Now, the bearing of A from B is \(75^\circ + 180^\circ = 255^\circ\).
Since C is south-west from B, the bearing of C from B is:
\(\text{Bearing} = 255^\circ - \angle ABC \approx 255^\circ - 70.89^\circ = 184.11^\circ \approx 184^\circ\).

(d) \(\text{Area} = \frac{1}{2} \cdot AB \cdot AC \cdot \sin(\angle BAC) = \frac{1}{2} \times 12 \times 15 \times \sin(60^\circ) = 45\sqrt{3} \approx 77.9\text{ km}^2\) (77.942...)

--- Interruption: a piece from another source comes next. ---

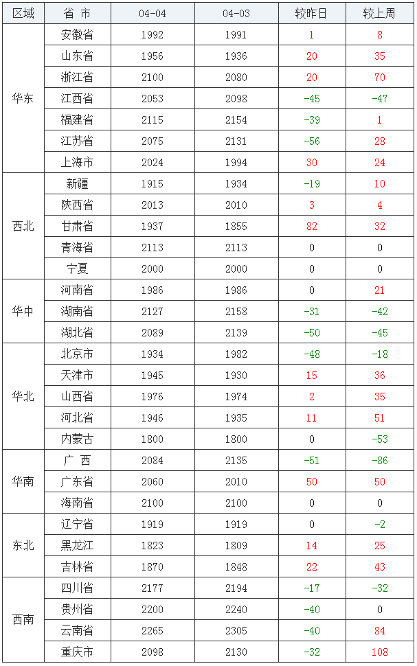 2020年4月4日,今日全国玉米均价为2017元/吨,较昨日上涨7元/吨。
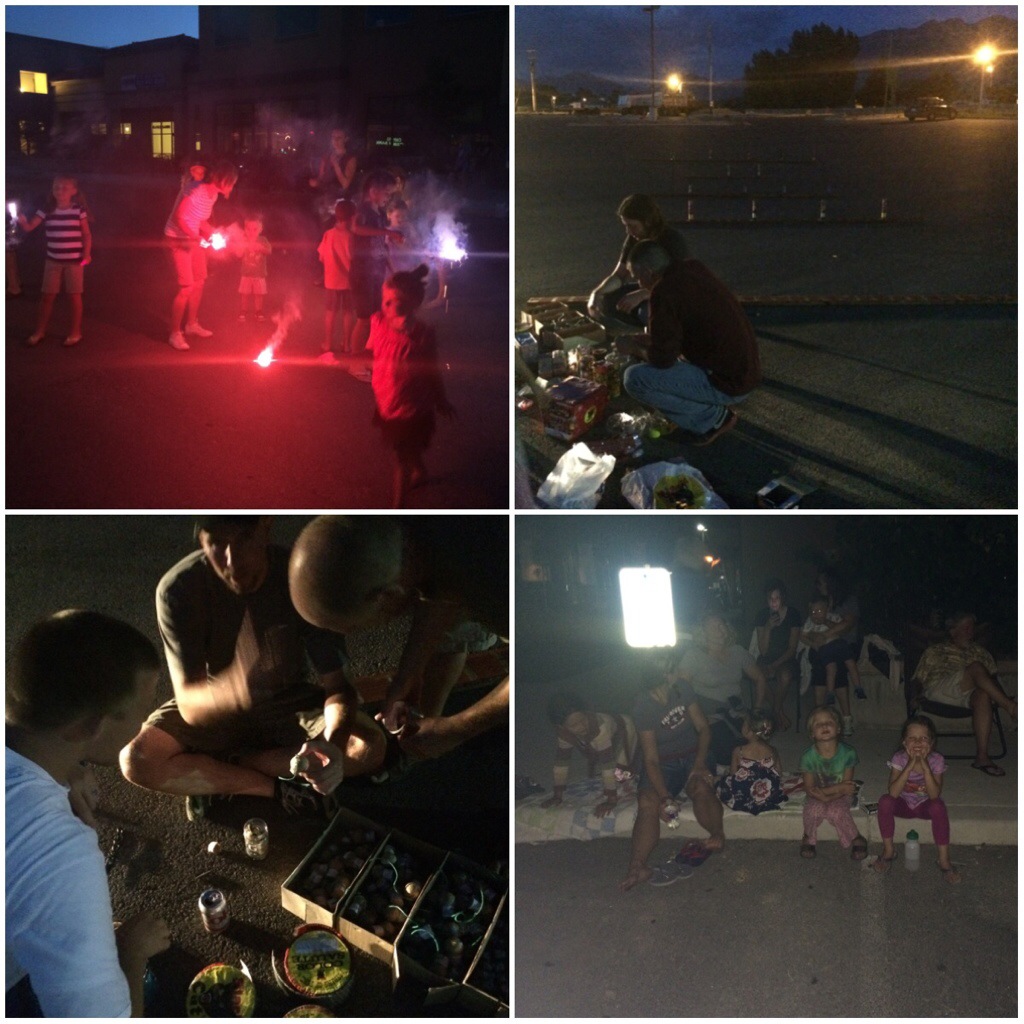 We, then headed over to the gym (South Valley Gym) and Corom, Mike, Travis B, Jason B, and a few other guys began our fire work show. A little more than 50 people showed up to watch. It made the guys a little more excited and in return they began to act like little boys. :/ It was very entertaining. A couple of them were burned but it didn’t seem to bother them!

(e) (i) Let \(d\) be the shortest distance from A to road BC. Using the area of the triangle:
\(\text{Area} = \frac{1}{2} \times BC \times d \implies 77.942 = \frac{1}{2} \times 13.748 \times d\)
\(d = \frac{2 \times 77.942}{13.748} \approx 11.3\text{ km}\) (11.338...)

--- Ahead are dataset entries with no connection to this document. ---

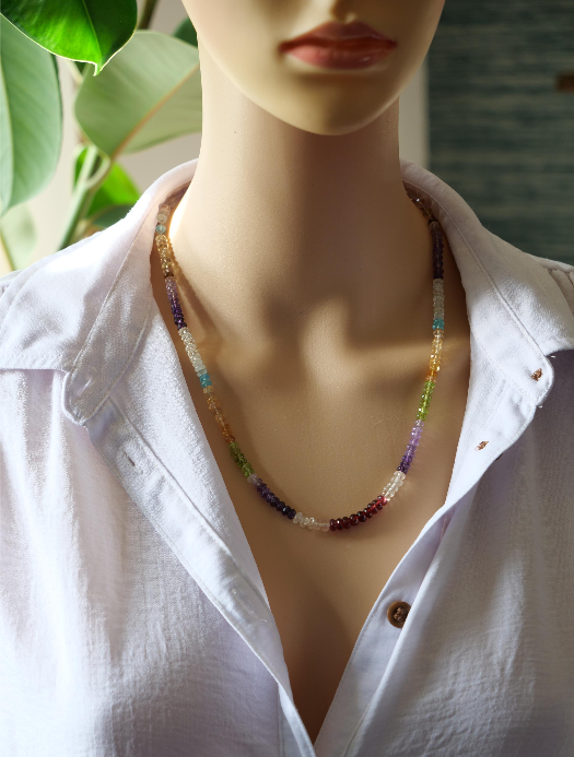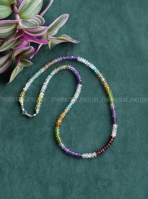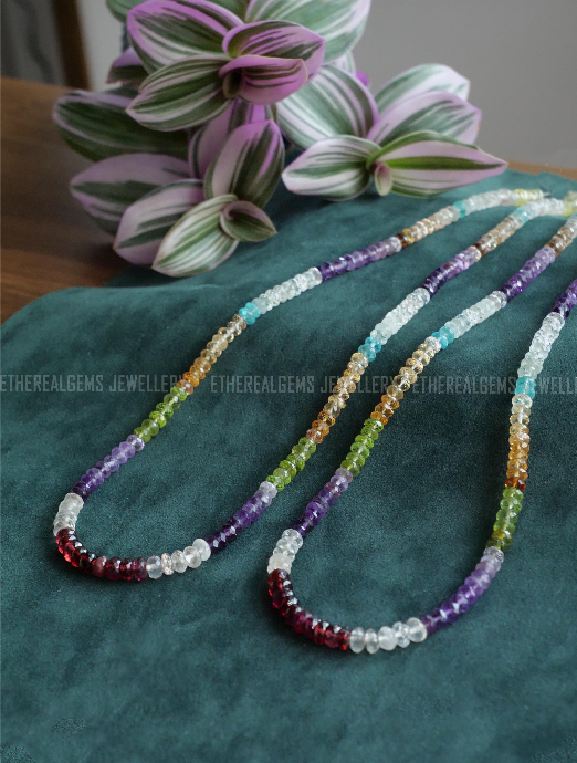 Garnet, Amethyst, Peridot, Citrine Necklace, Beaded gemstone necklace, Mix gemstone necklace, Ombre necklace, Multicolour Necklace Jewellery
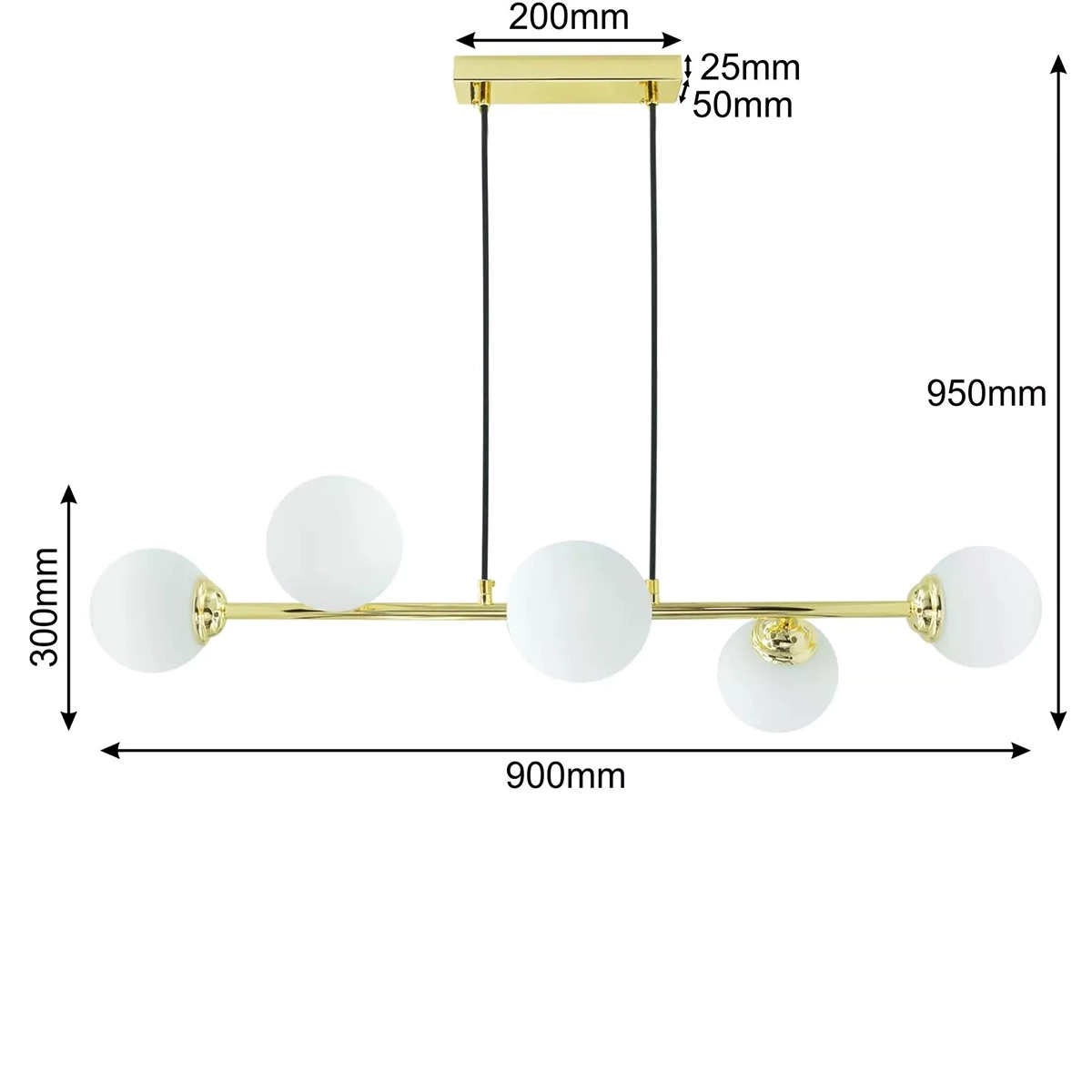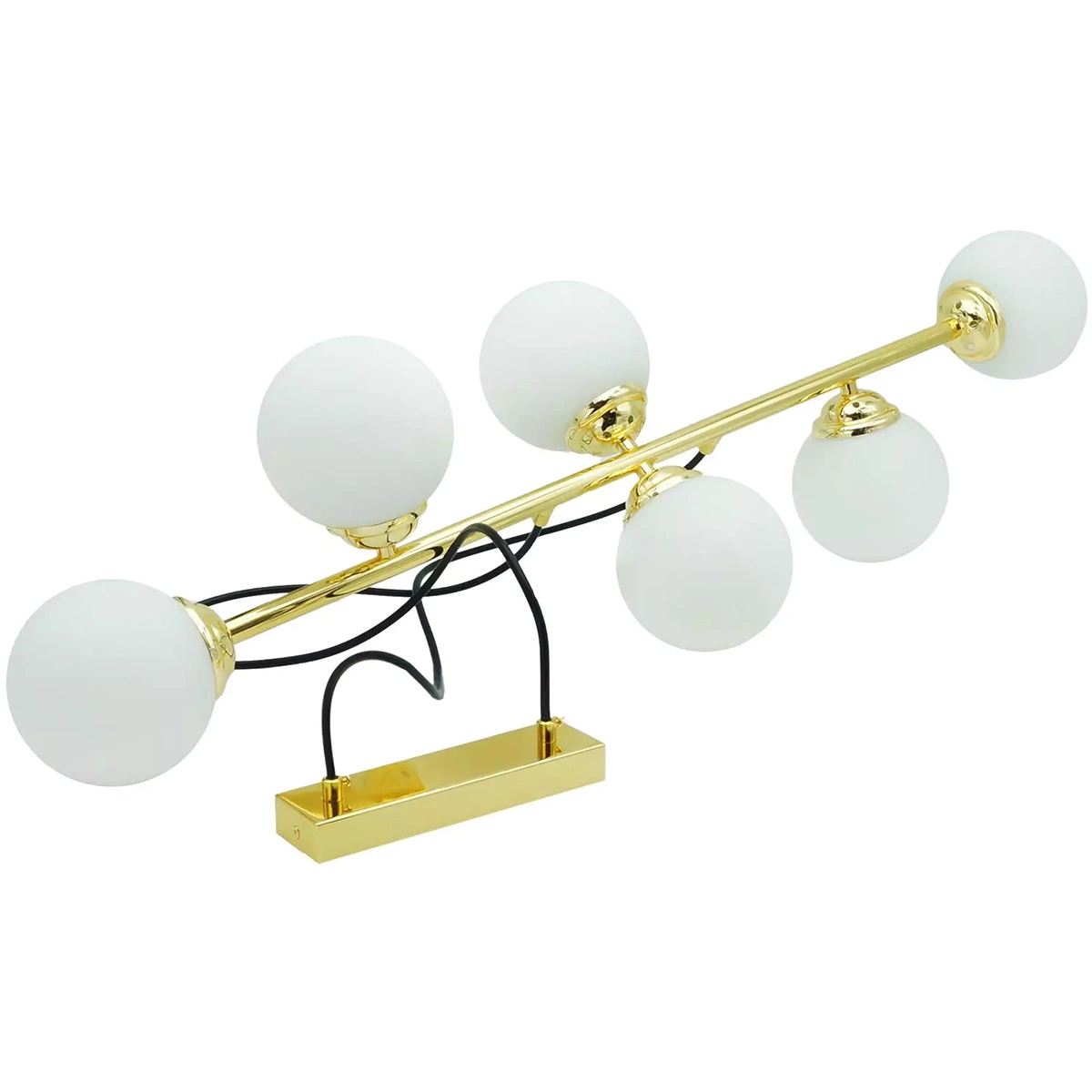 Die Lampe ist aus hochwertigen Materialien gefertigt. Es ist im klassischen Loft-Stil mit 6 Lichtpunkten gestaltet . Jede Lampe ist goldfarben und mit einem milchigen Glasschirm bedeckt. Es passt perfekt zu hellen und dunklen Wänden. Sein eleganter Stil eignet sich nicht nur für moderne , sondern auch für traditionelle, industrielle Innenräume . Es sorgt nicht nur für eine gute Beleuchtung im Raum, sondern dient auch als Dekoration. Ein wichtiger Vorteil dieser Lampe ist das beliebte E27-Gewinde (6x) mit max. elektrische Leistung 40W.
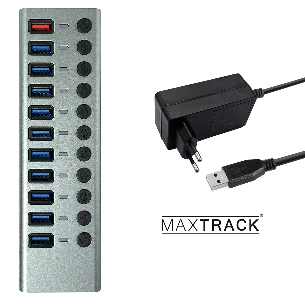 11 Port USB 3.0 HUB im Metall-Gehäuse, 10x USB-Buchse + 1x Ladebuchse, Ports einzeln zuschaltbar, inkl. 1m USB-Kabel und 4A Netzteil
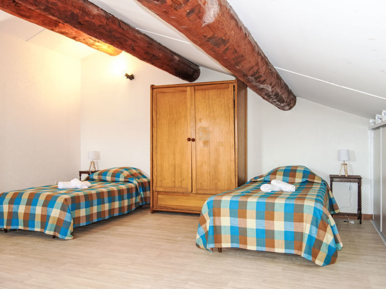 Appartement 3-kamers 77 m2 op de 2e verdieping. Comfortabel en mooi ingericht: woon-/eetkamer met TV (Flatscreen TV). Uitgang naar het terras. 1 kamer met 1 bed (100 cm, lengte 190 cm), 1 slaapplaats (80 cm, lengte 190 cm). Keuken (mini-oven, afwasmachine, 4 keramische glas kookplaten, broodrooster, magnetron, diepvriezer, elektrische koffiemachine). Uitgang naar het balkon. Douche, aparte WC. Elektrische verwarming. Bovenverdieping: (steile trap) groot galerij met afgeschuinde daken, hoogte van het plafond 85 - 190 cm met 3 bedden (80 cm, lengte 190 cm). Terras 8 m2. Terrasmeubelen. Ter beschikking: wasmachine. Internet (Internet (WiFi), extra). Parkeerplaats bij het huis. 1 klein huisdier/hond toegestaan. TV alleen FR. Rookmelders. Aanbod door een particulier volgens art. 155, IV van CGI. 83112001641ON

(ii) Geometrically, this represents the perpendicular height (altitude) of triangle ABC from A to the base BC.

(f) Since the drone is directly above A, the triangle formed by the drone, A, and B is right-angled at A.
\(\tan(8^\circ) = \frac{\text{Height}}{AB} \implies \text{Height} = 12 \times \tan(8^\circ) \approx 1.6865\text{ km}\).

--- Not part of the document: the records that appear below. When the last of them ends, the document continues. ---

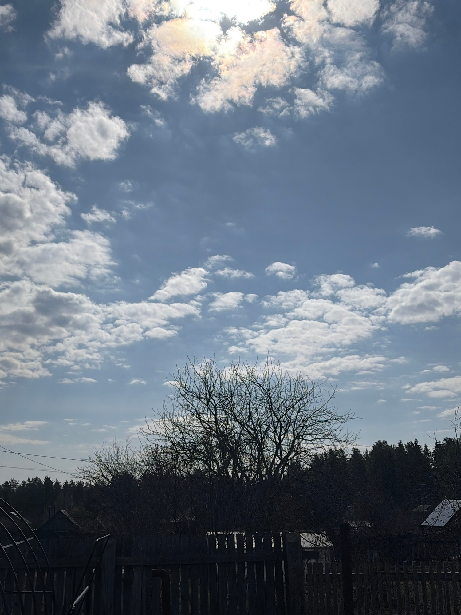 The image displays an outdoor scene, presented in a portrait orientation but rotated 90 degrees clockwise. The upper two-thirds of the frame are filled with a bright blue sky dotted with numerous scat…read more
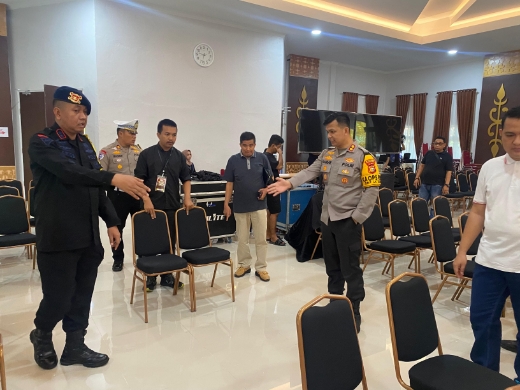 BNEWS - Dalam rangka pelaksanaan debat publik Calon Bupati (Cabup) dan Calon Wakil Bupati (Cawabup) Kabupaten Indragiri Hulu (Inhu), Kapolres Inhu AKBP Fahrian Saleh Siregar bersama jajaran melakukan pengecekan langsung persiapan di Gedung Tepak Sirih, Poltekkes Kemenkes RI, di Kelurahan Pematang Rena Kecamatan Rengat Barat, Sabtu (09/11/ 2024).
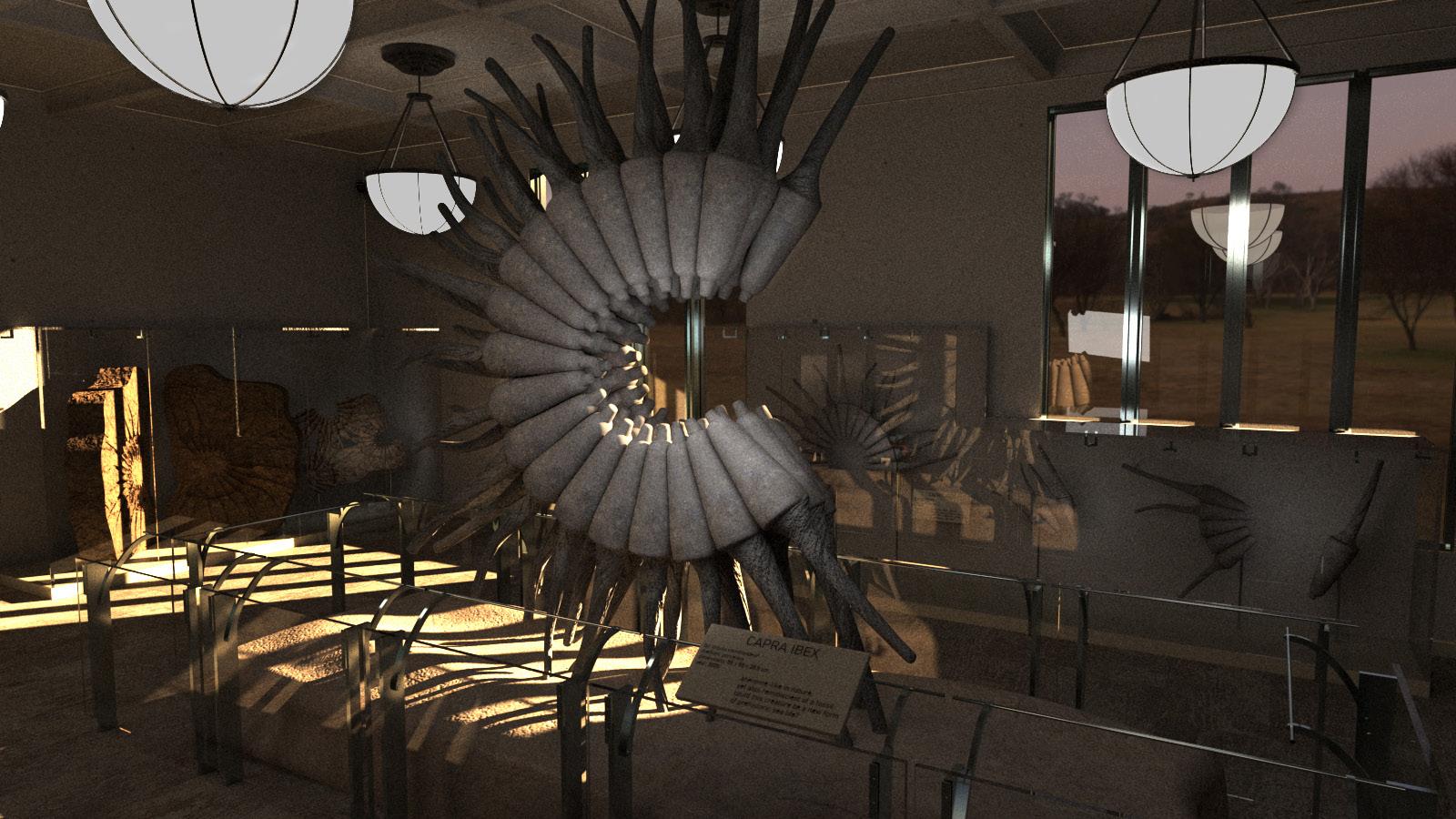 Drawing inspiration from Ursula Commandeur’s intricate ceramic work, this conceptual installation is set within a digitally crafted environment reminiscent of the fossil exhibit at the Museum of Natural History. Every detail of this environment was meticulously modeled , from the glass railings to the showcase containers, capturing a museum-quality level of realism . Using V-Ray, I applied custom textures and lighting to enhance the space’s tactile depth, followed by detailed post-processing in Photoshop, resulting in a visually rich, immersive presentation that highlights the artistic intersection of nature and design.

In metres: \(1.6865 \times 1000 = 1686.5\text{ m} \approx 1686\text{ m}\) (to the nearest metre).

(a) A1 for showing relative locations with bearings, A1 for labelling the angle \(60^\circ\) and distances.
(b) M1 for identifying the angle \(60^\circ\), M1 for cosine rule setup, A1 for \(BC \approx 13.7\text{ km}\).
(c) M1 for using the sine (or cosine) rule, A1 for finding \(\angle ABC \approx 70.9^\circ\), M1 for using alternate angles / bearings (e.g. \(255^\circ - 70.9^\circ\)), A1 for the bearing \(184^\circ\).
(d) M1 for the area formula, A1 for \(77.9\text{ km}^2\).
(e) (i) M1 for equating area to \(\frac{1}{2} \times \text{base} \times \text{height}\), A1 for \(11.3\text{ km}\). (ii) R1 for stating it is the perpendicular height / altitude.
(f) M1 for using \(\tan(8^\circ)\) with 12 km, A1 for \(1686\text{ m}\).